Now, every true Dylan fan knows it’s a rite of passage to sit through Renaldo and Clara, the (long!) 1978 movie that Dylan directed and starred in. But in 1999, in order to watch this movie, you had to know somebody who had a bootlegged VHS tape (that might still be the case in 2024 - I don’t think this is the easiest movie to find). Luckily, one friend in the Toronto scene had a copy, and so everyone gathered in one house, to watch the show! We even dressed up as the characters in the movie!
I remember flying in from Calgary just in time for this party and hastily getting changed into my costume.
This must have been sometime around my birthday, because on the next page of my old drawing book, I see that I was reminiscing about past birthdays. It seems that, a few years before, I’d spent another birthday watching another Bob Dylan movie, the Rolling Thunder Revue.
This was back in the gloomy days when I was an art student commuting from Hamilton, Ontario to OCAD University in Toronto. You can read more about those days, near the end of this episode of The Drawing Book. Luckily for me, my grandparents lived about halfway along my commute, so I often stayed at their place… even when they weren’t home (as on the night when I watched Rolling Thunder all by myself).
A Satisfied Mind
But now it was time for another show! In November 1999, I joined the Dylan friends in Baltimore, where they had already been to a show that evening. This was during the time when Dylan was playing a lot of old-timey Americana tunes like “I am the man, Thomas” (here’s a recording of that song from another show) and “Hallelujah, I’m ready to go.” (You can listen to this oh-so-catchy song, featuring lovely harmonies by Charlie Sexton and Larry Campbell, here). These shows were great! I mean… 5 encores…!?!
Even more special, it was at this Philadephia show that Bob played “A Satisfied Mind.” Bob recorded this song (written by Joe "Red" Hayes and Jack Rhodes) on his 1980 album Saved, but he never played it live… until this show. It’s the only time he ever performed it live! Luckily, there’s a bootleg recording of this performance, here.

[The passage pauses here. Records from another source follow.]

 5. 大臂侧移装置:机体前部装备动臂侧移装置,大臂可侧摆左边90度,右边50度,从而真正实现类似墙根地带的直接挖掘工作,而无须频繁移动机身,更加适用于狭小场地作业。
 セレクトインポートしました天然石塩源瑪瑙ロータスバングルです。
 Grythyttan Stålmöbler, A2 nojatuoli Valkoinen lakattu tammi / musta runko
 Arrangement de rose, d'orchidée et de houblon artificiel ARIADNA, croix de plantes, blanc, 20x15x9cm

And in case you don’t know, you can find full recordings of the shows mentioned here (and many others) on the Bobserve site, an amazing database full of all sorts of searchable information about Bob’s Neverending Tour.
During all this time, there was something else on my mind. I was thinking about changing my last name. I did that, eventually, the following year. But, in my drawing book, I wrote about how a lot of my heroes had changed their last names. Including Bob, of course!